Segment Open
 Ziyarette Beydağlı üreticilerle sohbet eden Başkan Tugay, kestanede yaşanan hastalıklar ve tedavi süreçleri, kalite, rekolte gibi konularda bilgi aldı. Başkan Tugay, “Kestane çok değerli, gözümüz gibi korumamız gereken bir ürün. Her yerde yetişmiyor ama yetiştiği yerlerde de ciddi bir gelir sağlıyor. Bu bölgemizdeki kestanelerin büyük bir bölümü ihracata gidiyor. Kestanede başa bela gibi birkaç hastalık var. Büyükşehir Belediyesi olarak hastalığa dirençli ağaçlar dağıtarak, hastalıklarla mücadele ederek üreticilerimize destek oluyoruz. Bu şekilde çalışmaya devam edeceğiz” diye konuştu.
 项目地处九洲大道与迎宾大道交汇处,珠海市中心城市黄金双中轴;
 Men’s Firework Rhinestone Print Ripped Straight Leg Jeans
Segment Closed
Segment Open
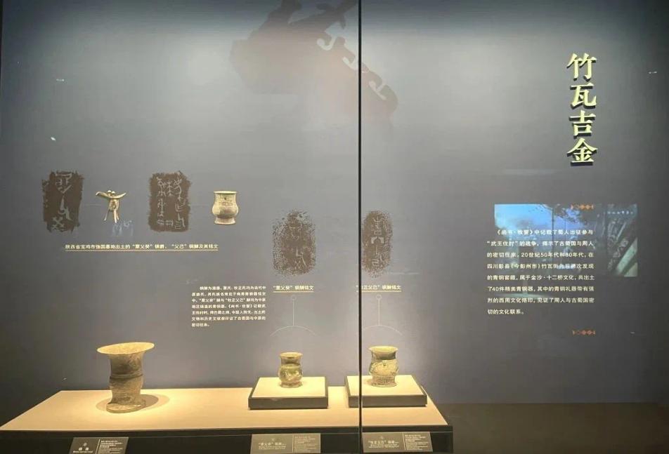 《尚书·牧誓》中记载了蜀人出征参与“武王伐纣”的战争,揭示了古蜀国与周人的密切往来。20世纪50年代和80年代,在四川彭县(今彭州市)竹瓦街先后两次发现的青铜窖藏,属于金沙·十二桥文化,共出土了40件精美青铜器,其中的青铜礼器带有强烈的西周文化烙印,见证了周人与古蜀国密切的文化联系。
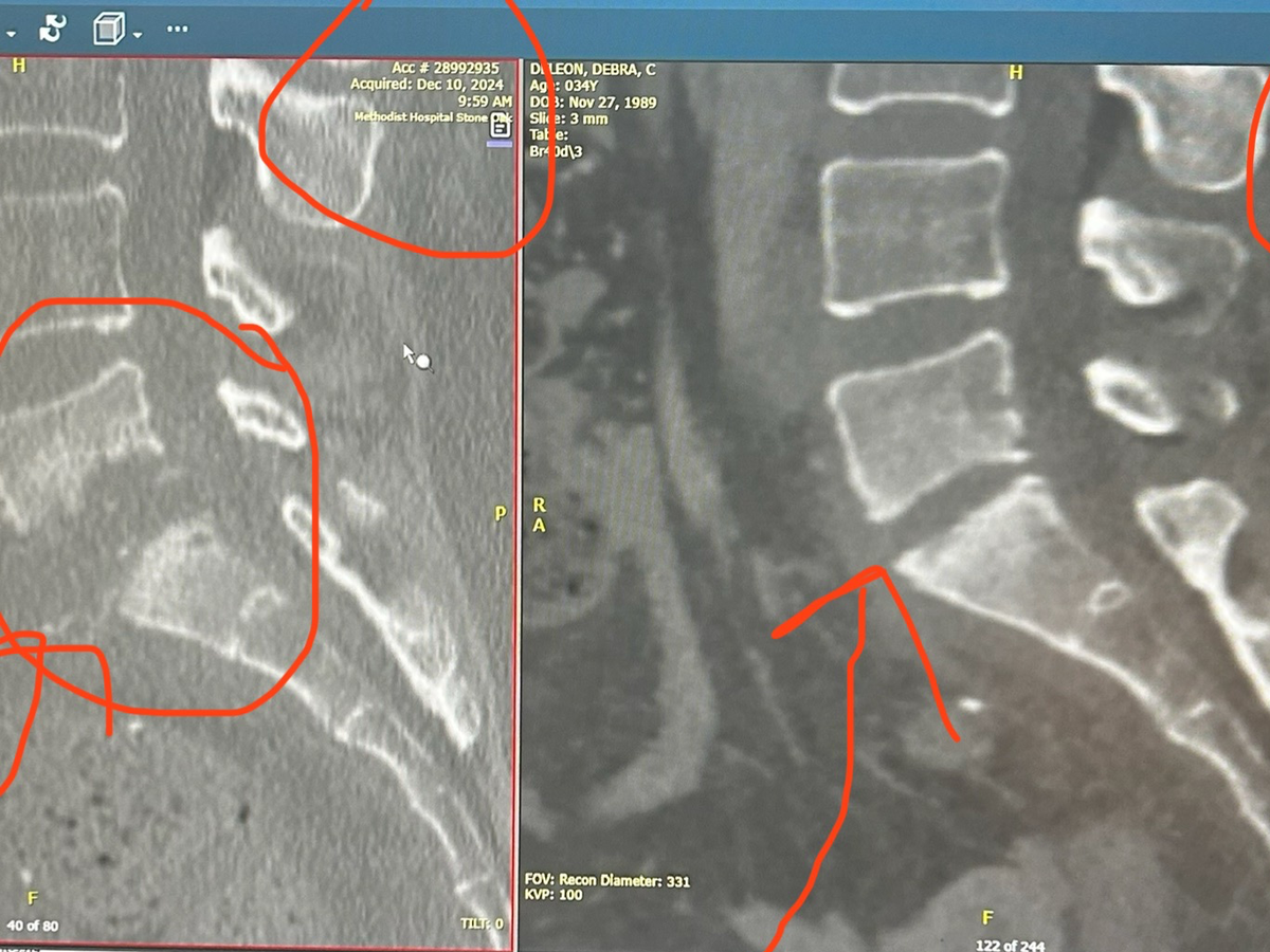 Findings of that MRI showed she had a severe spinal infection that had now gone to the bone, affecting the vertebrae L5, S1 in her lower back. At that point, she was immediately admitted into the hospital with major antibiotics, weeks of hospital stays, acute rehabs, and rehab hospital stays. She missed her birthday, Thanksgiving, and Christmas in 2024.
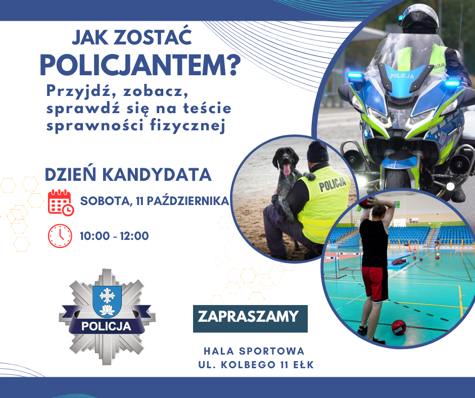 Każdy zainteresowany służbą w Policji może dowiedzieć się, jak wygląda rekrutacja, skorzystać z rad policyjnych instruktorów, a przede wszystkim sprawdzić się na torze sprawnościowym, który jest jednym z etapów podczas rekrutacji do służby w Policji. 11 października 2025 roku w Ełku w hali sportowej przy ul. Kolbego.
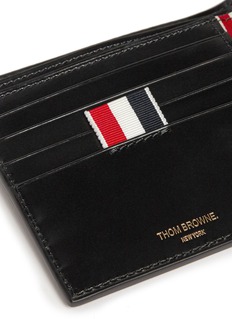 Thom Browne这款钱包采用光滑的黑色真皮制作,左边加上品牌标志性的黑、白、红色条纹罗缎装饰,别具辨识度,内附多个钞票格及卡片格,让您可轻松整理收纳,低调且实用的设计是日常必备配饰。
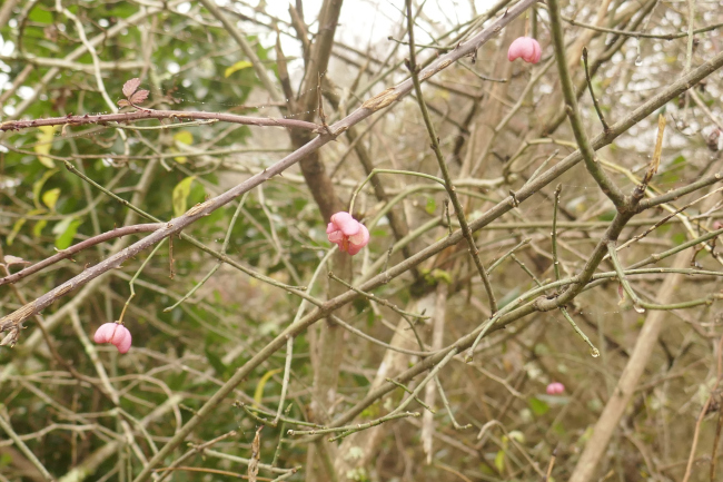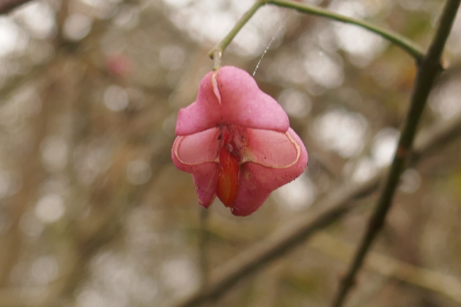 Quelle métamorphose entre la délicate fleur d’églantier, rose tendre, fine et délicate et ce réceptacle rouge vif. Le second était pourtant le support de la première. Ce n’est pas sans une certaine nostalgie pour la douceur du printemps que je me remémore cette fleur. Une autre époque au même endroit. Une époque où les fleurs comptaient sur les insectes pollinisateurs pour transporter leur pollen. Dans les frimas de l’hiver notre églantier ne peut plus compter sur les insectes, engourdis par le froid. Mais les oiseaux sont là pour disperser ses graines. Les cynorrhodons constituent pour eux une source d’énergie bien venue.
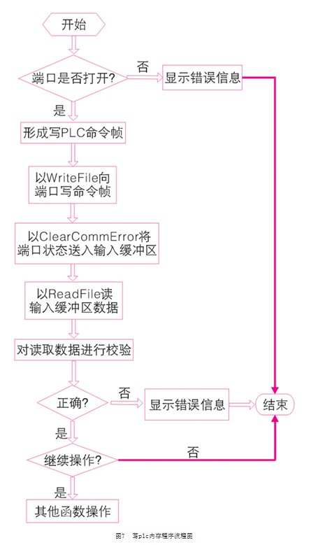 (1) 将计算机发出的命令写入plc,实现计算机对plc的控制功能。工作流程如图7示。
Segment Closed
Exercise directions »
From the entries above, extract only the lines running from the one containing "项目地处九洲大道与迎宾大道交汇处,珠海市中心城市黄金双中轴;" through the one containing "Men’s Firework Rhinestone", inclusive.

Task solution »
 项目地处九洲大道与迎宾大道交汇处,珠海市中心城市黄金双中轴;
 Men’s Firework Rhinestone Print Ripped Straight Leg Jeans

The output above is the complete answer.